Please Tax Me, I Mean, Him More

(Michael Chamberlain/Nevada Business Coalition) – Having lost the battle for their massive $1.2 billion tax increase, Democrats are scrambling to salvage any tax increases they can. The Assembly Ways & Means committee held hearings Wednesday to discuss AB561, extending the tax increases that had been scheduled to sunset at the end of next month. (AB561 passed through the committee on a straight party-line vote Thursday morning.)

These include a near doubling of the Modified Business Tax that even Senate Majority Leader Steven Horsford (D-Las Vegas) has said “hurts small business and hampers job creation.” Make no mistake, not allowing these increases to expire as scheduled is itself a tax increase.

A number of businesses and individuals stepped up to the microphone to beg the legislators to raise their taxes. When all of them voluntarily contribute to the Tax Me More Fund, the State shouldn’t have to worry about revenue anymore.

Somebody better warn Kim Wallin to get prepared for an onslaught of envelopes containing huge checks from all the business whose consciences won’t allow them to oppose a tax increase. They are all going to give at least as much as they are asking the legislators to raise their taxes, aren’t they?

The real idea, of course, is not for businesses and individuals who don’t believe they are taxed enough to voluntarily increase their own contributions to the State’s coffers but to forcibly take money from other people. While they cannot in good conscience oppose the tax increase, their consciences also will not allow them to pay a penny more than the absolute minimum required.

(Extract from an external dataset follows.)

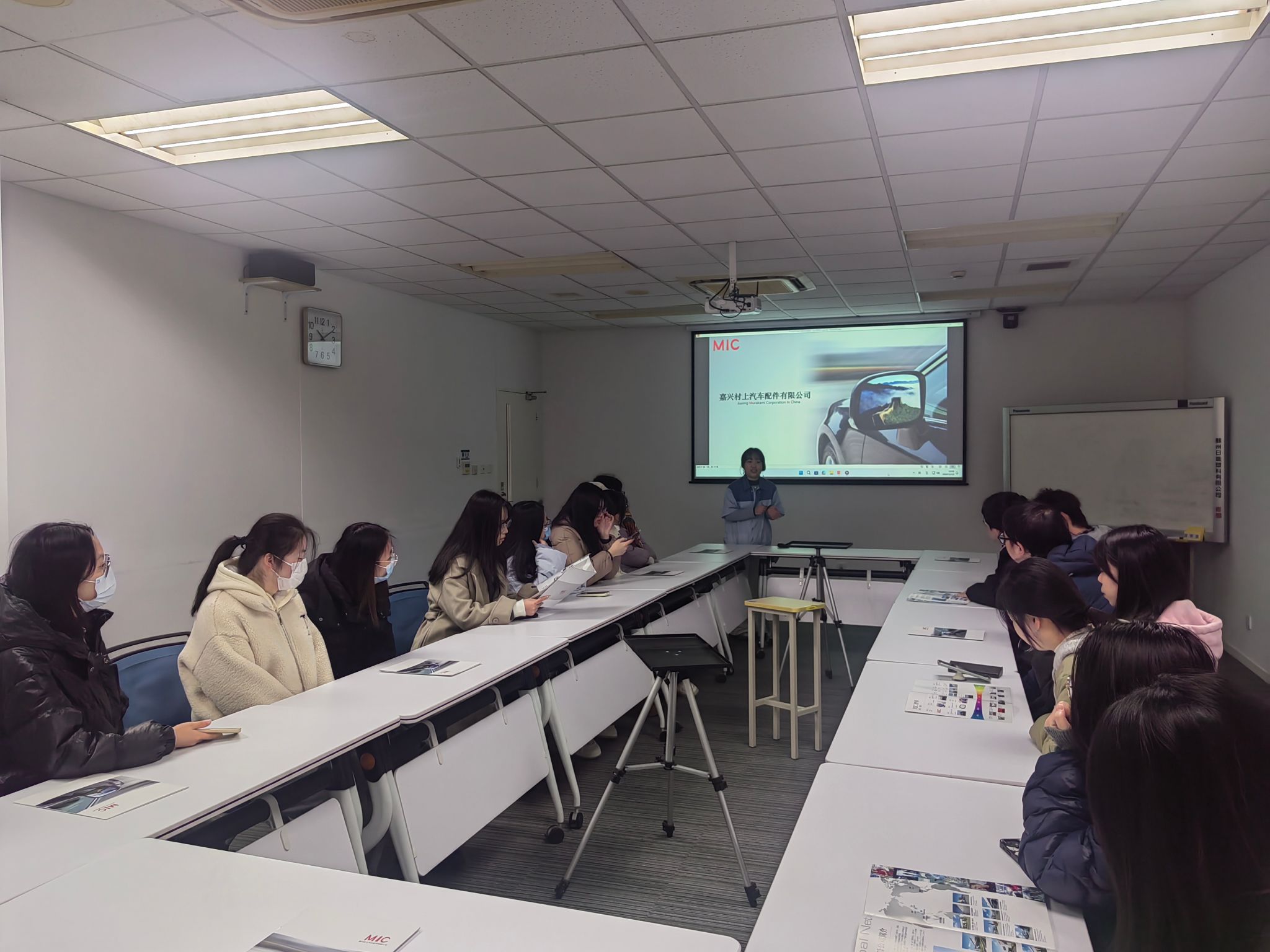 在嘉兴村上汽车配件有限公司人事部王经理和郭经理的热情接待下,同学们参观了公司的注塑成型车间。工作人员详细讲解了汽车配件后视镜的生产流程、技术工艺以及质量控制体系。同学们对现代化的设备和规范化的生产管理留下了深刻印象。

Fittingly, this was the same day a report revealed the Clark County School District had spent over $1.1 million on iPads. And who cares if they improve the kids’ educations, we just really like to have cool stuff! Nowhere to cut, indeed. But, I digress.

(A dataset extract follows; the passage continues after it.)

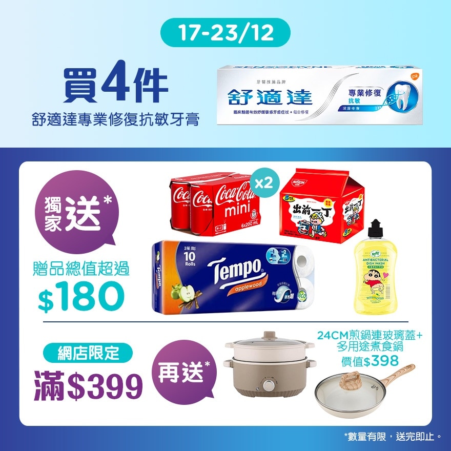 订单总额淨值满$399免运费(商户直送产品除外),选取「特快送」并于早上9点至下午7点下单,最快30分钟内送到。

Some overriding themes of all of these hearings are the mistaken beliefs that the private sector exists for the sole purpose of providing funds to the State, that businesses do not create anything of value other than revenue to be taxed and that happy, healthy people are only possible through big government.

So, while businesses are forced to scrimp and scrape just to survive, the government cannot be expected to do with any less and should be free to take more when times get tougher. While private enterprises must change their ways to deal with changing times, government can continue to operate exactly the same way regardless of outcome and its failures are merely reasons to demand more resources.

Government must reform the way it does things. That will only be possible by forcing it to deal with the same realities the rest of Nevadans have been dealing with for years now. Further burdening the private sector with increased taxes will only preserve the myth that government can continue to do what it has always done.

(Michael Chamberlain is Executive Director of Nevada Business Coalition.)